Migrating KSM page causes the VM lock up as the KSM page merging list is too large

Bug #1680513 reported by Gavin Guo on 2017-04-06
6
This bug affects 1 person
Affects Status Importance Assigned to Milestone
linux (Ubuntu)
Medium
Gavin Guo
Xenial
Undecided
Unassigned
Zesty
Undecided
Unassigned

Bug Description

[Impact]
After numad is enabled and there are several VMs running on the same
host machine(host kernel version: 4.4.0-72-generic #93), the
softlockup messages can be observed inside the VMs' dmesg.

First, the crashdump was captured when the symptom was observed. At
the first glance, it looks like an IPI lost issue. The numad process
initiates a migration of memory, and as part of this, needs to flush
the TLB cache of another CPU. When the crash dump was taken, that
other CPU has the TLB flush pending, but not executed.

The numad kernel task is holding a semaphore lock mmap_sem(for the
VM's memory) to do the migration, and the tasks that actually end up
being blocked are other virtual CPUs for the same VM. These tasks need
to access or make changes to the memory map for the VM because of the
VM page fault, but cannot acquire the semaphore lock.

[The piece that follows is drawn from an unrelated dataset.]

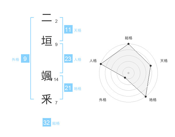 二垣 颯釆さんの総格は32画の5点!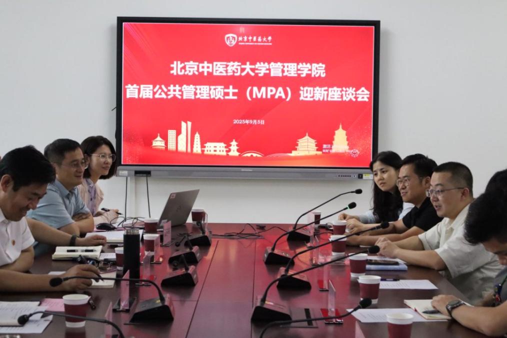 9月5日下午,管理学院在学院336会议室召开北京中医药大学管理学院首届公共管理硕士(MPA)迎新座谈会。校党委书记王瑶琪、党委副书记、纪委书记刘江平出席座谈会。管理学院院长李瑞锋、副院长石学峰、副书记周磊、研究生培养老师刘亚敏以及首届公共管理硕士(MPA)全体学生参会。座谈会由管理学院党委书记李蔓荻主持。

However, the original thoughts on the root cause (unhandled IPI or csd
lock issue) are incorrect.

We originally suspected an issue with a lost IPI (inter processor
interrupt) that performs remote CPU cache flushes during page
migration, or a known issue with the "csd" lock used to synchronize
the remote CPU cache flush. A lost IPI would be a function of the
system firmware or chipset (it is not a CPU issue), but the known csd
issue is hardware independent.

Gavin created the hotfix kernel with changes in the csd_lock_wait
function that would time out if the unlock never happens (the end
result of either cause), and print messages to the console when that
timeout occurred. The messages look like:

csd_lock_wait called %d times

csd: Detected non-responsive CSD lock (#%d) on CPU#%02d, waiting %Ld.%03Ld secs for CPU#%02d

However, the VMs are still experiencing the hangs, but the
csd_lock_wait timeout is not happening. This suggests that the csd
lock / lost IPI is not the actual cause.

In the crash dump, the numad task has induced a migration, and the
stack is as follows:

#1 [ffff885f8fb4fb78] smp_call_function_many
#2 [ffff885f8fb4fbc0] native_flush_tlb_others
#3 [ffff885f8fb4fc08] flush_tlb_page
#4 [ffff885f8fb4fc30] ptep_clear_flush
#5 [ffff885f8fb4fc60] try_to_unmap_one
#6 [ffff885f8fb4fcd0] rmap_walk_ksm
#7 [ffff885f8fb4fd28] rmap_walk
#8 [ffff885f8fb4fd80] try_to_unmap
#9 [ffff885f8fb4fdc8] migrate_pages
#10 [ffff885f8fb4fe80] do_migrate_pages

The frame #1 is actually in the csd_lock_wait function mentioned
above, but the compiler has optimized that call and it does not appear
in the stack.

What happens here is that do_migrate_pages (frame #10) acquires the
semaphore that everything else is waiting for (and that eventually
produce the hang warnings), and it holds that semaphore for the
duration of the page migration. This strongly suggests that this
single do_migrate_pages call is taking in excess of 10 seconds, and if
the csd lock is not stuck, then something else within its call path is
not functioning correctly.

We originally suspected that the lost IPI/csd lock hang was
responsible for the hung task timeouts, but in the absence of the csd
warning messages, the cause presumably lies elsewhere.

A KSM function appears in frame #6; this is the function that will
search out the merged pages to handle them for the migration.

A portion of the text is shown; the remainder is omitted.